I know, I know. I haven't been posting. I'm so distracted recently. It will pass, I know that, but meanwhile I feel little control over my life.
I'm dealing with two divorces in the family, one on the East coast and the other on the West coast. Both situations are ugly and painful. I want to just gather both my girls up and hide them from what is passing as their lives at this moment, keeping them hidden and safe till the whole thing is over. I can't, of course, and I know that would be so dysfunctional, anyway. Knowledge does not substitute for wisdom; and it does not trump emotions. sigh.
It seems I'm trying to put out fires one place or another. Emotional fires. Crap!
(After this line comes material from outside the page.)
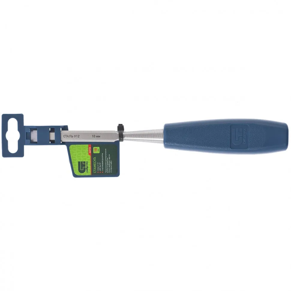 Стамеска Сибртех 24710 с пластиковой рукояткой и режущей частью шириной 10 мм подходит для обработки древесины любых пород. Предназначена для выборки небольших углублений, получения точных вырезов, снятия фасок и выполнения других столярно-плотницких работ. Инструмент будет полезен дома и в столярной мастерской.ПреимуществаПрочность и долговечность — рабочее полотно изготовлено из высококачественной конструкционной углеродистой стали 55.Эффективность и высокий ресурс — полотно закалено до твердости 56-57 HRC на 0,7 длины рабочей части, поэтому режущая кромка долго сохраняет остроту.Надежность и комфорт — ручка из ударопрочного пластика не выскальзывает из ладони и выдерживает длительное использование.

What is wrong with these men??? I don't kid myself that either of my girls is perfect, but neither deserves what they are being slapped with. "I don't love you, and I'm not sure I ever did." "I'm doing everything I can to help you." Broken promises. Flawed character exploding all over the walls. Wishy-washy mind changing on a regular basis. And outright passive-aggressive goading. I just don't get why it has to get nasty. Been there, done that, and we were able to part without major ugliness. But then we both had character and utilized it. I've advised my girls to take the high road, not stoop to those levels of hatefulness being shoved at them, and it has only caused further vulnerability that has been used against them. However, I want them both to feel good about who they are and how they conducted themselves when it is over. damn.
In the midst of all this, I'm struggling with financial needs. If I don't find a job quickly, I don't know what I will do. I have some left in my retirement account, and if I have to I will draw that out and eke by, pay off all bill possible, but that leaves me with nothing for emergencies. It wasn't supposed to come to this, but finding a job at 66 years of age is a challenge alone, then with this economy .... well ....
So I'm in a funk. I'm not immobilized, but I'm really sad about the whole situation. Forgive me if I don't blog as much as usual for a while. Could be a week, or a month, I don't know. I just know I have to get some things stabilized in my life. Say a prayer, OK?